AI can be a trusted doctor if we equip it to constantly learn by reliving and absorbing doctors’ repetitive tasks
Smart health has become the norm of the day. If you have a headache – you can connect with a specialist, get diagnosed, have a prescription written, and order medicine online to your home. There is a plethora of apps to choose from, each aimed at solving your real-time, situation-driven problems with a promise of leading a happy and healthy life. What if we can take it a notch higher and know more how your body is changing and what you might be prone too? What precautions should you take to dodge a possible health attack?
Today, the healthcare world is awash with technological innovations driven by software and mobility. The innovations currently are focused on reducing the cascading gaps of affordability and accessibility. This has certainly increased the reach of healthcare to every nook and corner, by streamlining doctor networks, pharmacies and diagnostics at a click of a button. While this smart connectivity has helped solve day-to-day worries, the ability to understand and implement the advancements, especially in artificial intelligence and machine learning, has been rudimentary.
AI-assisted robotic surgeries, virtual nursing assistants, digital consultations, image analysis, medication management, healthcare system analysis. The AI and ML medical terminologies used are grandiloquent and couched in the jargonized doctorial fashion, which is quite intimidating. Often overused, while communicating no meaning, AI and ML are the buzzwords used across segments to sell products. In healthcare, what does this really mean?
What is ML?
ML is a subset of AI. It’s a set of algorithms that improve automatically through experience. What ML essentially does is that it studies large data and examines and analyses for common patterns. For example, if you are prone to gastritis and start recording your daily food intake; over time, the ML model will look at each of the food types you are consuming, in the diverse food groups, and find common patterns to make indications on the types of food that is causing gastritis.
ML can be used to merge an individual’s data with other data sources to predict the probability of developing a disease, which can be addressed through timely actions. This innovation has proved to be beneficial in the diagnosis procedure, monitoring chronic conditions, assisting in various surgeries, drug discovery, etc.
What is AI?
AI is the science to make computers behave like the way humans do. Natural language processing, intelligent agents, computer vision, chatbots, and voice recognition are all symbolized by AI. This is still vague and the developments in the space are being studied to understand it’s true potential.
In the healthcare sector, AI range of technologies enables machines to sense, act, comprehend and learn the administrative and healthcare functions that can be further implemented in training and research purposes.
The AI and ML implication
AI needs to learn every day to remain intelligent and sustainable. It is based on deep learning, a machine-learning algorithm used for a range of applications including speech and image recognition. This teaches machines to interpret complex patterns and structures that are observed in real-life data. AI models built from these groups helps in identifying affected genes and predict a probability of developing a certain disease for any individual. AI tools can also be used by healthcare providers to measure and analyse pathology or radiology results quickly and accurately. Thus, freeing up their time to attend to many patients.
The human element
Ultimately, it’s we humans who train the machines to work and identify differences to asses common conditions more accurately like human doctors. Not only this, but AI will also help in maintaining data privacy. By gathering individual patient data, the system can learn each person’s habits and preferences, and coordinate accordingly. With this, doctors and nurses will be relieved of these coordination tasks, allowing them to focus on the aspects of their work that require a human touch. This, in turn, means more time interacting with patients and staff, faster and more efficient delivery of equipment throughout the facility, and ensuring a clean, secure and healthy environment.
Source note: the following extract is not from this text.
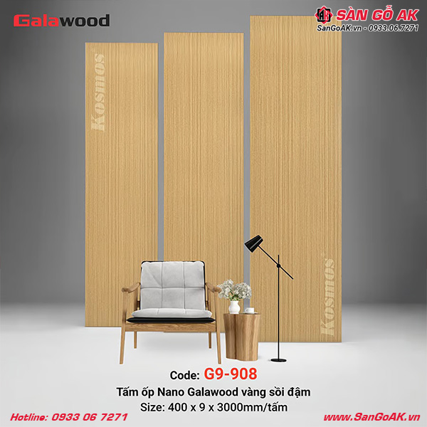 Hãy để tấm ốp Nano Galawood G9-908 vân gỗ sồi vàng đậm biến không gian sống của bạn trở nên nổi bật và ấm cúng hơn. Lựa chọn sản phẩm chất lượng chính là lựa chọn cho tương lai bền vững của ngôi nhà bạn!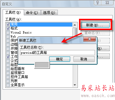 2、菜單欄打開“視圖”-“工具欄”-“自定義...”,在“自定義”對話框中的“工具欄”選項卡中,單擊“新建...”按鈕,并取名。

In today’s world, we hardly get time to keep a backup of data. The arrival of such technologies will stir a new modus operandi and lure us into a habit of maintaining, recording and tracking daily health and routine. This will set the idea of receiving treatment from a “robot”. Can AI really understand us as individuals, the way our family doctor does? Yes, it can! Care providers need to recognize and protect the importance of the human experience while embracing the potential of AI.
Hospitals should work together to understand the balance between staff and technology by effectively applying a suite of AI solutions. AI can be a trusted doctor if we equip it to constantly learn by reliving and absorbing doctors’ repetitive tasks. It is up to us to derive the efficiency and effectiveness of the automated healthcare system we intend to build. And allowing doctors the time to develop targeted treatment and therapies to solve the most critical cases.